GW1929: A nonthiazolidinedione PPARγ agonist, ameliorates neurological damage in global cerebral ischemic-reperfusion injury through reduction in inflammation and DNA fragmentation

Transient global cerebral ischemia results in acute neurodegeneration in selective brain areas. Global cerebral ischemic-reperfusion (IR) injury induced selective hippocampal damage results into various neurobehavioral deficits including spatial memory and learning deficiencies. In this study, we have investigated the protective effects of a nonthiazolidinedione PPARγ agonist, N-(2-benzoylphenyl)-O-[2-(methyl-2-pyridinylamino)ethyl]-l-tyrosine (GW1929), against global cerebral IR injury induced neurobehavioral deficits and brain damage in gerbils. Bilateral carotid artery occlusion induced global cerebral ischemia in gerbils resulted in neurological deficits, hyperlocomotion, reduced response latency in passive avoidance test and hippocampal damage. Hippocampal neurodegeneration after cerebral IR injury was also associated with significant increase in iNOS and MMP-9 immunoreactivity along with TNFα and IL-6 levels. Massive apoptotic DNA fragmentation as evident from increased TUNEL (terminal deoxynucleotidyl transferase mediated dUTP nick end labelling)-positive cells was also observed in the CA1 hippocampal region of IR challenged gerbils. GW1929 treatment significantly ameliorated cerebral IR induced neurological symptoms, hyperlocomotion, cognitive deficits and hippocampal neuronal damage in CA1 hippocampus region in gerbils. Significant reduction in IR injury induced iNOS and MMP-9 immunoreactivity, TNFα and IL-6 levels and apoptotic DNA fragmentation was also observed with GW1929 treatment. Pioglitazone, thiazolidinedione PPARγ agonist also exhibited similar effects on inflammatory parameters after global cerebral IR injury.In summary, this study demonstrates neuroprotective effects of GW1929 in global cerebral IR injury induced neurobehavioral deficits and brain pathology which may be attributed to reduced inflammation and apoptotic DNA fragmentation, suggesting therapeutic potential of PPARγ agonists in cerebral IR injury.
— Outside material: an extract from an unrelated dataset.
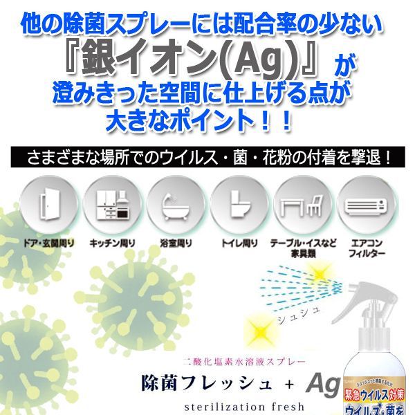 日本製二酸化塩素水溶液スプレー「除菌フレッシュAg」350ml(3本)

Research highlights▶ In this study, we have investigated the protective effects of a nonthiazolidinedione PPARγ agonist, N- (2-Benzoylphenyl)-O-[2-(methyl-2-pyridinylamino)ethyl]-l-tyrosine (GW1929), against global cerebral IR injury induced neurobehavioral deficits and brain damage in gerbils. ▶ Bilateral carotid artery occlusion induced global cerebral ischemia in gerbils resulted in neurological deficits, hyperlocomotion, reduced response latency in passive avoidance test and hippocampal damage. ▶ Hippocampal neurodegeneration after cerebral IR injury was also associated with significant increase in iNOS and MMP-9 immunoreactivity along with TNF α and IL-6 levels. Massive apoptotic DNA fragmentation as evident from increased TUNEL (terminal deoxynucleotidyl transferase mediated dUTP nick end labeling)-positive cells was also observed in the CA1 hippocampal region of IR challenged gerbils. ▶ GW1929 treatment significantly ameliorated cerebral IR induced neurological damage and inflammation and apoptosis. ▶ In summary, this study demonstrates neuroprotective effects of GW1929 in global cerebral IR Injury induced neurobehavioral deficits and brain pathology which may be attributed to reduced inflammation and apoptotic DNA fragmentation, suggesting therapeutic potential of PPARγ agonists in cerebral IR injury.